In a new study, scientists at the University of Eastern Finland have suggested that accelerated aging is the result of abnormal cell nucleotide levels and compromised nuclear DNA maintenance.

The study was conducted on the mtDNA Mutator mice that have an inactive DNA repair mechanism. These mice accumulated mtDNA mutations and present with accelerated aging, which has led scientists to believe that mtDNA mutagenesis drives aging. However, despite rigorous studies by several groups, no one has been able to show that the Mutator mice would present elevated oxidative stress.

By challenging previous theories on the role of oxidative stress and mtDNA mutations in aging, the study offers an alternative explanation for the Mutator mice aging, namely compromised nuclear DNA maintenance.

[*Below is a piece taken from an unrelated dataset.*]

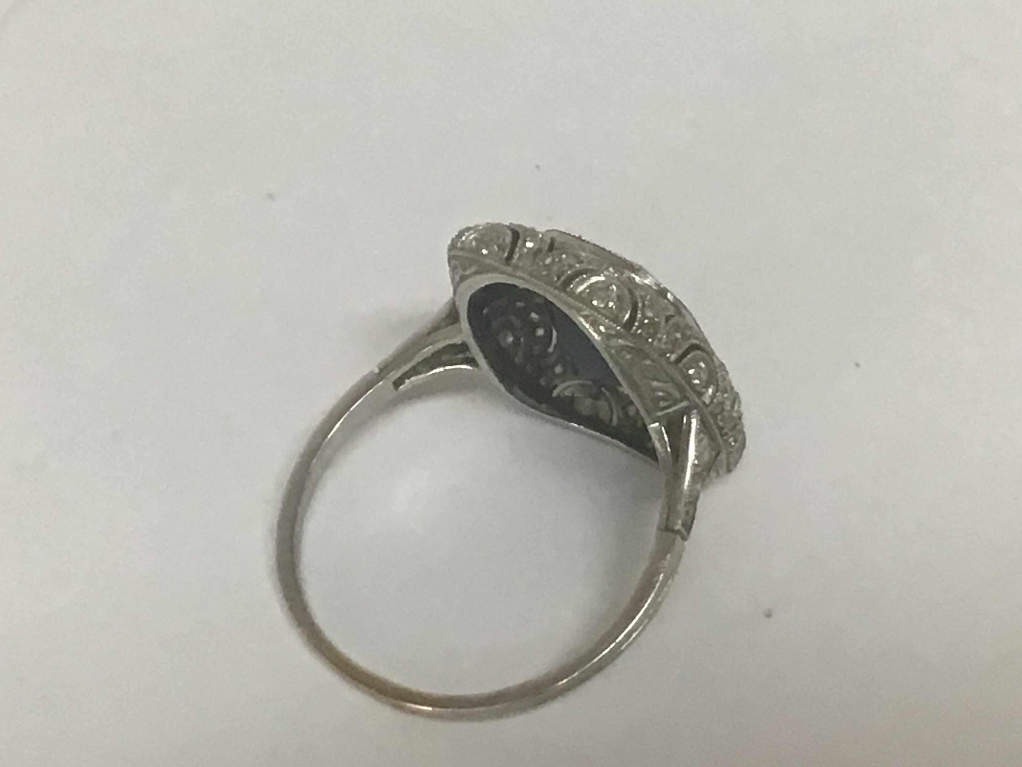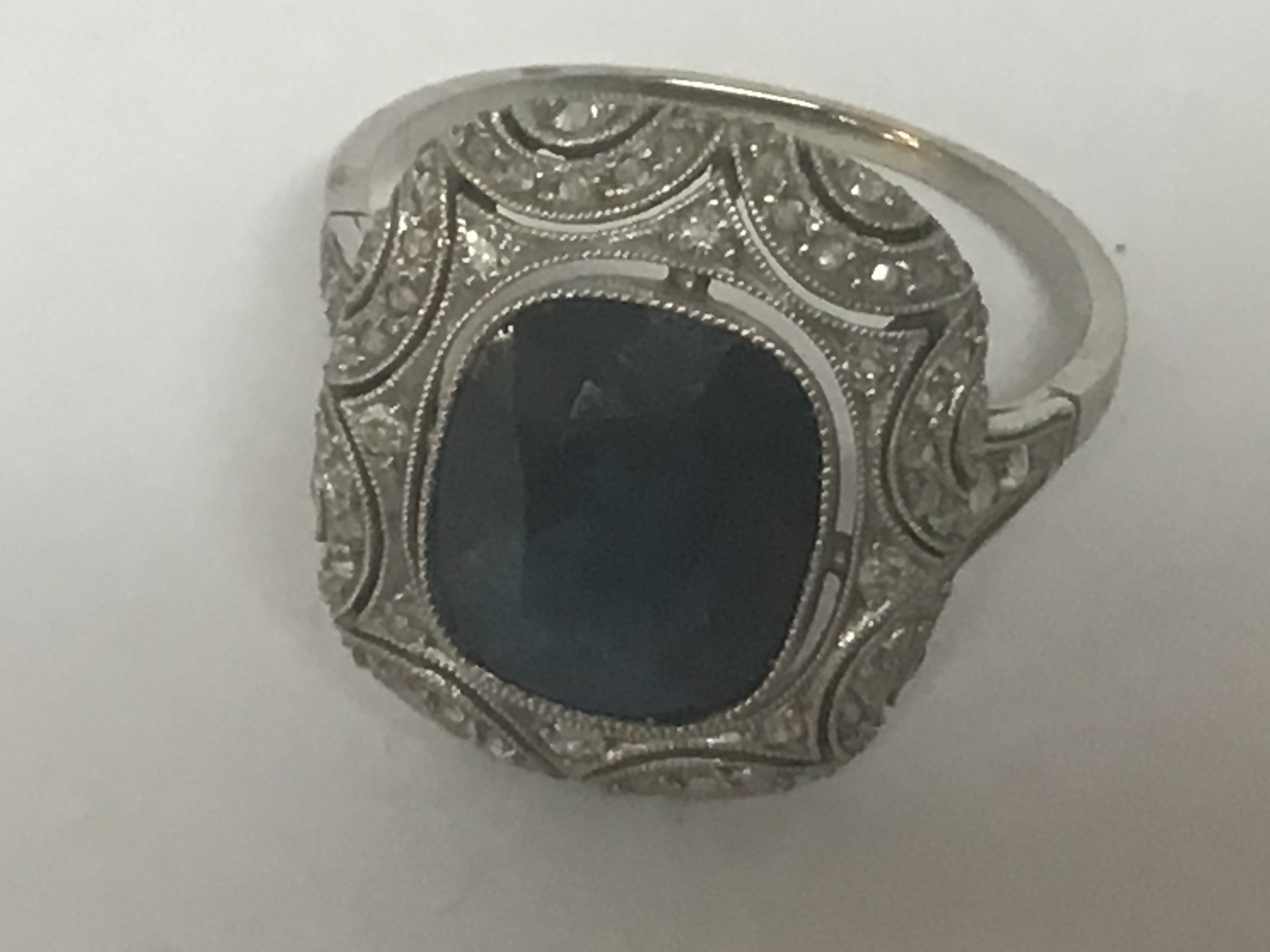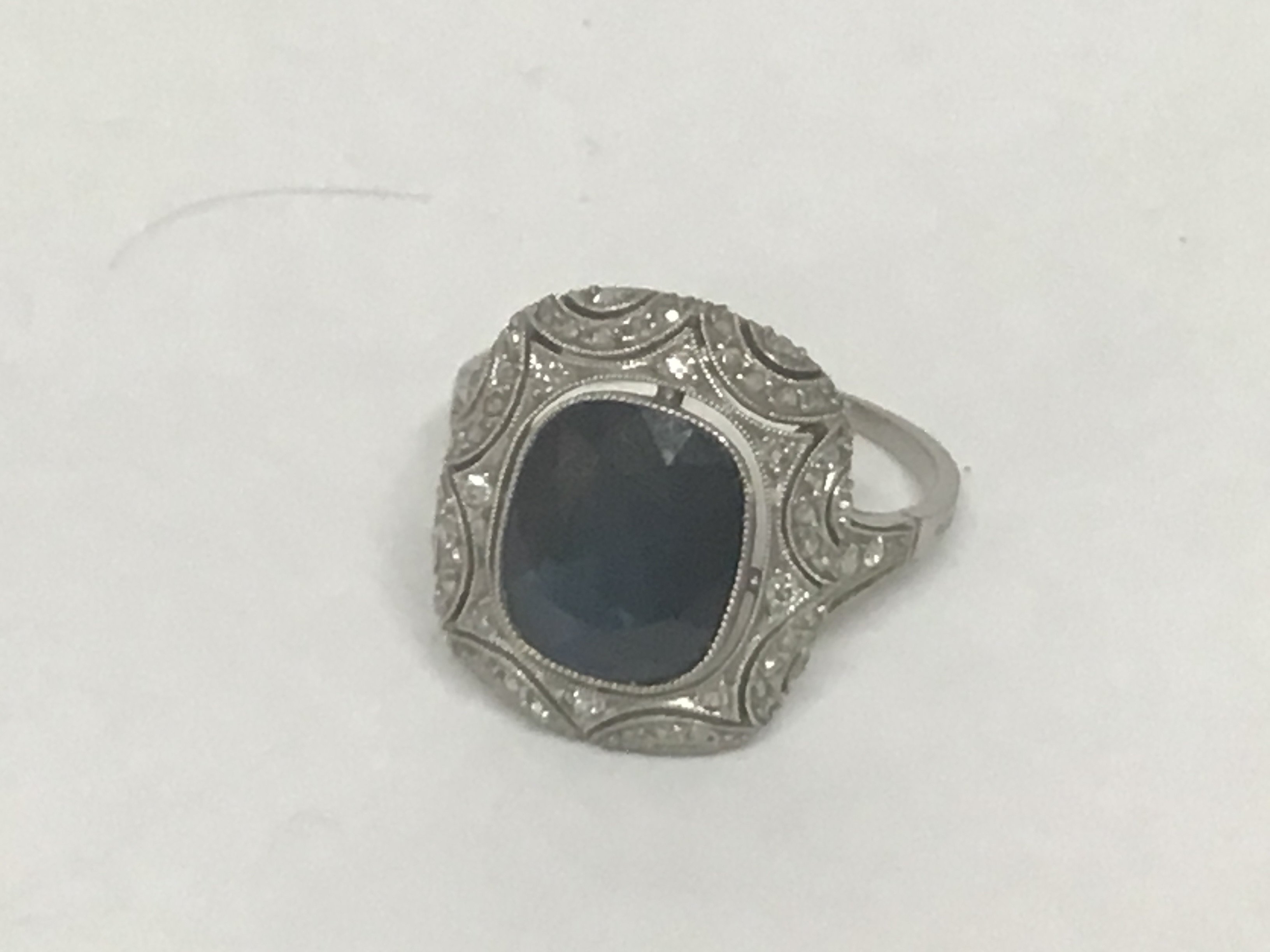 An Art Deco ladies ring set with a good sized deep blue Sapphire with a delicate surround by a delicate pattern of small diamonds. Possibly unmarked Platinum weight 5.5g ring size R. Sapphire approximate surface dimensions 12mmx9mm

The prematurely-aging Mutator mice harbor a defective polymerase-gamma enzyme and present with pronounced mtDNA mutagenesis. Despite the existence of other mouse models with equivalent mtDNA mutagenic propensity, the Mutator mouse model is the only one manifesting accelerated aging.

Furthermore, progeria is not a clinical feature of mitochondrial disease patients, not even in those with the most severe mtDNA mutagenic profiles. Instead, the clinical picture of the mtDNA Mutator mice is remarkably similar to that of other mouse progeria models and human progeric syndromes with nuclear genome instability, with the most prominent defects in proliferating cells, and especially in stem and progenitor cells necessary for tissue regeneration.

Scientists found that- in addition to the mtDNA maintenance defects, the Mutator mice also manifest nuclear DNA defects, including replication fork stalling, increased DNA-breaks, and activation of DNA damage response pathways.

Scientists explained, “Nucleotides are the building blocks of DNA, and proper cellular nucleotide levels are critical for genome maintenance. Moreover, the cytoplasmic and mitochondrial nucleotide pools are interconnected. The researchers show that in the Mutator mice, the total cellular nucleotide levels are decreased while the mitochondrial nucleotide pools are increased, suggesting preferential usage of nucleotides in the mitochondria. Indeed, the replication of mtDNA is drastically accelerated in the cells of the Mutator mice.”

The study is published in Nature Metabolism.